Looping, as it pertains to K-12 education, is the practice of moving groups of children up from one grade to the next with the same teacher. My wife is a retired elementary school teacher who was deeply involved in looping with her students, and I’m a retired middle school teacher who participated in this practice for the last four years of my career. Over the years, we've had many discussions comparing our experience, and we’ve come to realize that there are both drawbacks and benefits of looping in education. (Full disclosure: We both enjoyed the experience!)
Looping can take different forms. My wife’s experience in elementary school was a traditional example. She would have a class of third-grade students, and the next year she would have the same students as fourth and then fifth graders—or she would have a class of combined grades over several years. In my middle school experience, I taught students of various ages in each of my four science blocks. The students were grouped according to data that showed their mastery of the discipline and a projection of future success as determined by local and state benchmark tests.
In the school where I taught, every student was also placed in a “family” (or homeroom), which was randomly grouped, and they would remain in the same "family" for all three years. Essentially, my sixth graders had the benefit of seventh and eighth graders as mentors, guides, and helpers. By the time the sixth graders reached the older grades, they knew what was expected of them to become mentors themselves.
Benefits and Disadvantages of Looping in Education
With that, let’s take a look at the pros and cons of looping—what makes it an effective practice in school districts and where it falls short.
Benefits of Looping
1. You can build stronger relationships.
The main benefit of looping in education is that the teacher and the students know each other. Students know the teacher’s expectations and routine. No time is lost in introducing and embedding classroom culture.
The time it takes for a student to learn the classroom culture will be somewhat shorter than the time required for the teacher to learn about each individual student. To be effective, the teacher needs to know how each student learns, what shuts them down, what lights them up, and what baggage they bring to class. Looping with the students saves the teacher the time required to connect to that student every year and provides the teacher with the most precious gift of time.
The current pandemic has affected all aspects of our lives, so how we educate and interact with our students in remote or hybrid settings is new for many of us. This sudden shift has created a world full of anxious, confused, and frustrated students, parents, and teachers. If you start the year with an established relationship and a mutual understanding of the student, and both the parents and teachers have established mutual goals, that stress and tension can be mitigated.
2. You help students grow on their journey.
With looping, you and your students become like a family. And over time, the teacher and the students’ families make deeper connections. This relationship, like all families, can become strained. But looping can give teachers and families the time to recognize what they have in common—that they both love the students and want them to succeed. I once taught a young man who was on the autism spectrum. My first experience with his very involved mom was difficult. Over the next three years, we became a very powerful team, and the young man, now a college graduate and an educator, is one of my heroes.
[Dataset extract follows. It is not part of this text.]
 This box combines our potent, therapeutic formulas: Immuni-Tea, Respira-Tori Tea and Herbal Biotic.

3. Students can more easily transition to higher grades.
Looping, whether it be Grades K–2, 3–5, or 6–8, requires the teacher to be fully immersed in all three grades' standard course of study. In my wife’s elementary class, students would be grouped by age and would learn that grade’s standards. The advantage of this format is that a teacher has an understanding of what that student brings from last year and can make better connections to the current year’s curriculum.
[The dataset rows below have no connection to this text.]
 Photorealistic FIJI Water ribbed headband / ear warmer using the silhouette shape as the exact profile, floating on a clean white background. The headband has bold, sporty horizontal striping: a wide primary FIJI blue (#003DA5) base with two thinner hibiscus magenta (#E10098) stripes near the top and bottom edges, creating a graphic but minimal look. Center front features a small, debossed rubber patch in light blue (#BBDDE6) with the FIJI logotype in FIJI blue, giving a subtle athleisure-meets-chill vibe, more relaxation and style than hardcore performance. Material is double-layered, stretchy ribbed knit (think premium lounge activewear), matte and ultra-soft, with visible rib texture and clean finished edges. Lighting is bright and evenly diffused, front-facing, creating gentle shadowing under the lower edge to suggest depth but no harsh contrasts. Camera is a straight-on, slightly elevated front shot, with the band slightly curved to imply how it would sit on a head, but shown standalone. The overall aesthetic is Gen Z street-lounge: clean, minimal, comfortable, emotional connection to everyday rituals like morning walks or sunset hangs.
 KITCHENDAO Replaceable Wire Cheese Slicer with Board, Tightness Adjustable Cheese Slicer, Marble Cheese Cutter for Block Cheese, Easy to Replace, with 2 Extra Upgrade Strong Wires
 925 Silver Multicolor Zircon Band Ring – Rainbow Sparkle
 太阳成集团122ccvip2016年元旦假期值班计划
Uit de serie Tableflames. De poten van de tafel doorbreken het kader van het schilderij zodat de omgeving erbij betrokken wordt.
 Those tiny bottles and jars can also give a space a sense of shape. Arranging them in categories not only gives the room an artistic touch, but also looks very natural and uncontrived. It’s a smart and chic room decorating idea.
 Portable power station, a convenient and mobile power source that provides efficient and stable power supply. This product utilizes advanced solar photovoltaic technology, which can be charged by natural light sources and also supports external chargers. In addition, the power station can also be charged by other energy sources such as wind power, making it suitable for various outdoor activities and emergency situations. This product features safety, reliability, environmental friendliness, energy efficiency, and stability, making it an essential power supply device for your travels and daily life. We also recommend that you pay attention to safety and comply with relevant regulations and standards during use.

"You and your students become like a family. And over time, the teacher and the students’ families make deeper connections."
In my middle school teaching experience, students were grouped by mastery, not age. In since disciplines—in my case, science—you teach the same topics each year but at the level of mastery of the class in front of you. A student’s learning is a journey; what they are learning is connected to what they already know and to what they are going to be expected to know. A teacher who has a deeper knowledge of curriculum standards before and after the grade levels they are teaching is better equipped to help students make those connections and seamlessly transition from one grade to the next.
Disadvantages of Looping
1. Implementation can be challenging.
It is often challenging to convince other teachers to commit to a looping format and an administration to support you in implementing looping. If you move each year to a different grade, you need to find another teacher who is willing to move to the grade you vacated. That kind of cooperation and planning and agreement is difficult. You can loop on your own by having students of mixed grades in your classes, which creates problems. For instance, at the middle school level, you would need your administration to commit to looping for the entire school in order for it to operate under this plan, which can take an incredible amount of buy-in.
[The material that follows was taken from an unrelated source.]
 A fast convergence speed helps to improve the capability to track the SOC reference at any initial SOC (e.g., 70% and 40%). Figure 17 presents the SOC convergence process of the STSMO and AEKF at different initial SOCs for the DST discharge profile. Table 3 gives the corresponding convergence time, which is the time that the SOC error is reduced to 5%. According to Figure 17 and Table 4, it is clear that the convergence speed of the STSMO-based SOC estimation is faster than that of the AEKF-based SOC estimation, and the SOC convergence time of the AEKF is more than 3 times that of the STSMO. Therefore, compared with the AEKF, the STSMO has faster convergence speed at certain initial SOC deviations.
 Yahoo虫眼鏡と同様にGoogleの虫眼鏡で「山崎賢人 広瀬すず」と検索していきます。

2. Students experience class with only one.
With looping over a three-year period, a student becomes accustomed to one teacher's classroom culture, idiosyncrasies, and methods. Transitioning to another teacher after years with the same one can be difficult.
3. The curriculum needs to advance with the students.
Looping requires the teacher to be reflective on students’ every success and failure, which isn’t necessarily a negative thing. However, it is more time-consuming in the sense that the successful lesson you used during one school year likely cannot just be used again the following year if you are teaching a different grade. Then, three years later, when you are back to teaching the younger grade, you probably won’t want to use a three-year-old lesson plan. With looping, a teacher’s curriculum needs to evolve as the students get older.
Ultimately, my wife and I would recommend you try looping with students if given a chance—the joy of family awaits you.
The views expressed in this article are those of the author and do not necessarily represent those of HMH.